Under Diamond’s proposal, which he has tabled in every legislative session since 2015, lawmakers would draft direct districts every ten years, as they do for congressional districts. The judicial maps must meet the same redistribution criteria set forth in the Pennsylvania Constitution, which requires legislators to draw districts that are approximately equal in population, compact and contiguous, and avoid splitting places “unless absolutely necessary.”

Despite the requirements, lawmakers in Pennsylvania – which would be the sign of the three appellate court cards – have produced one of the most worrying congressional cards in the country that the Supreme Court has issued in 2018.

Since the judicial districts would be established by law, Diamond would require the approval of the governor, according to Diamond.

“I also provide input from the courts in the negotiations to draft the plan, which will bring together all three branches of government at a time when the Commonwealth needs such cooperation,” he said.

There has been much debate across the country for decades about the way judges are elected, while states follow different approaches to appointing judges by selecting merit or choosing by biased or non-biased races.

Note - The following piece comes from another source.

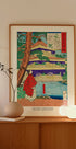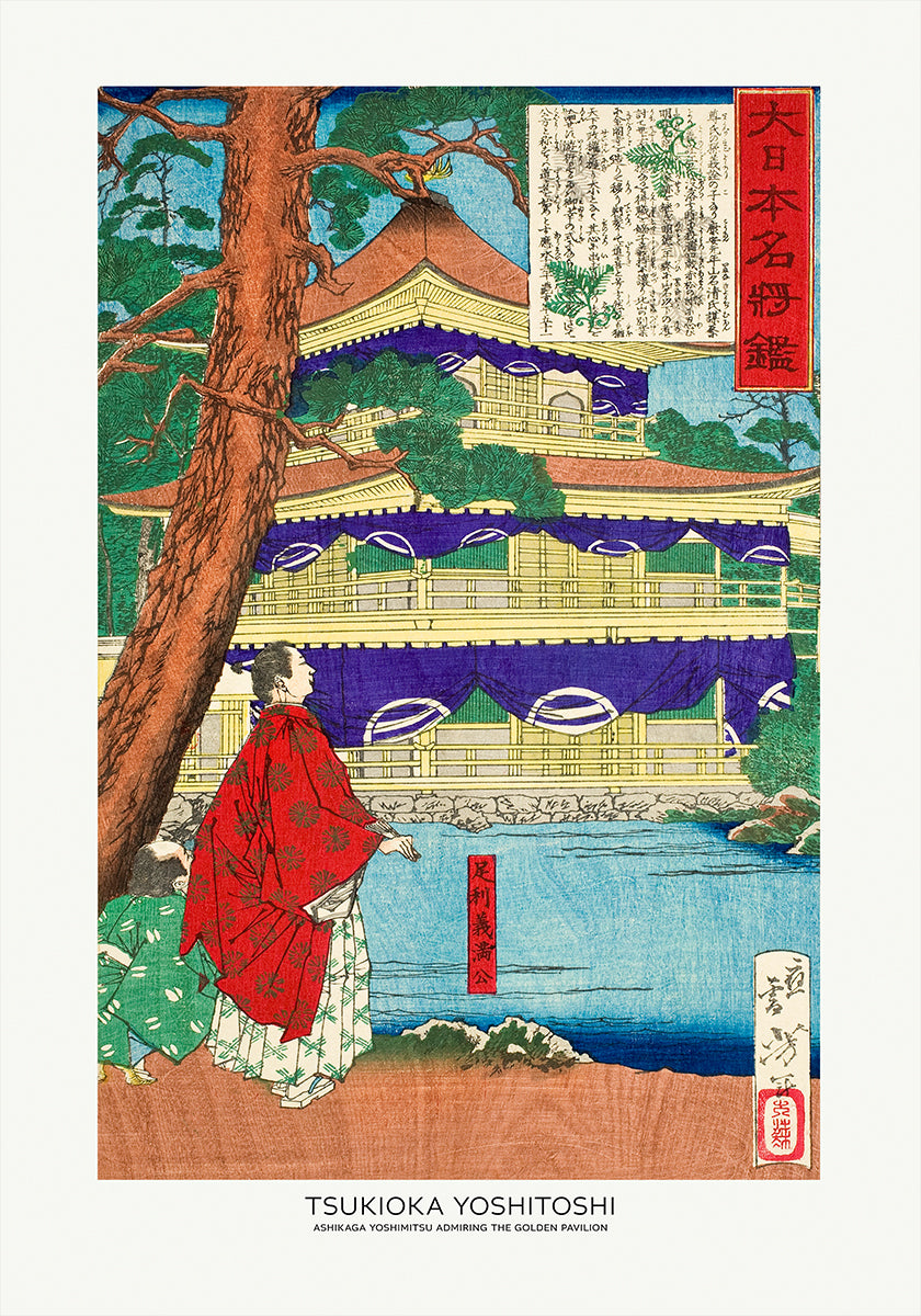 A masterful 1879 ukiyo-e by Tsukioka Yoshitoshi, this scene shows the shogun Ashikaga Yoshimitsu pausing to admire Kyoto’s Golden Pavilion. Delicate lines, flowing robes, and serene architecture evoke refined elegance and courtly poise, bringing a timeless moment of Japanese history to life. Soft light and mirrored water deepen the mood.

Twenty-eight states elect their judges from the Supreme Court through a combination of a commission that recommends candidates on merit to the governor or legislature for appointment, at least for an initial term on the bench, according to the Brennan Center for Justice.

Six states, including Pennsylvania, hold biased elections and 15 hold non-biased elections, with one state – New Mexico – requiring judges to run in biased elections after being appointed by the governor.

Four states – Mississippi, Kentucky, Louisiana and Illinois – elect Supreme Court justices by district. The two states that most closely resemble Diamond’s proposal, Illinois and Louisiana, hold biased district elections, but the lines remain untouched for decades.

In Illinois, three of the seven Supreme Court justices are elected from Cook County – home to Chicago’s strong Democratic seat – and the rest are elected from districts that are supposed to be equal in population. But these districts have not been redesigned since 1963, leading to unequal populations as residents moved.

After ten years on the bench, Illinois Supreme Court judges are subject to undisputed retention elections in their districts for additional terms of ten years, as Diamond suggests for Pennsylvania.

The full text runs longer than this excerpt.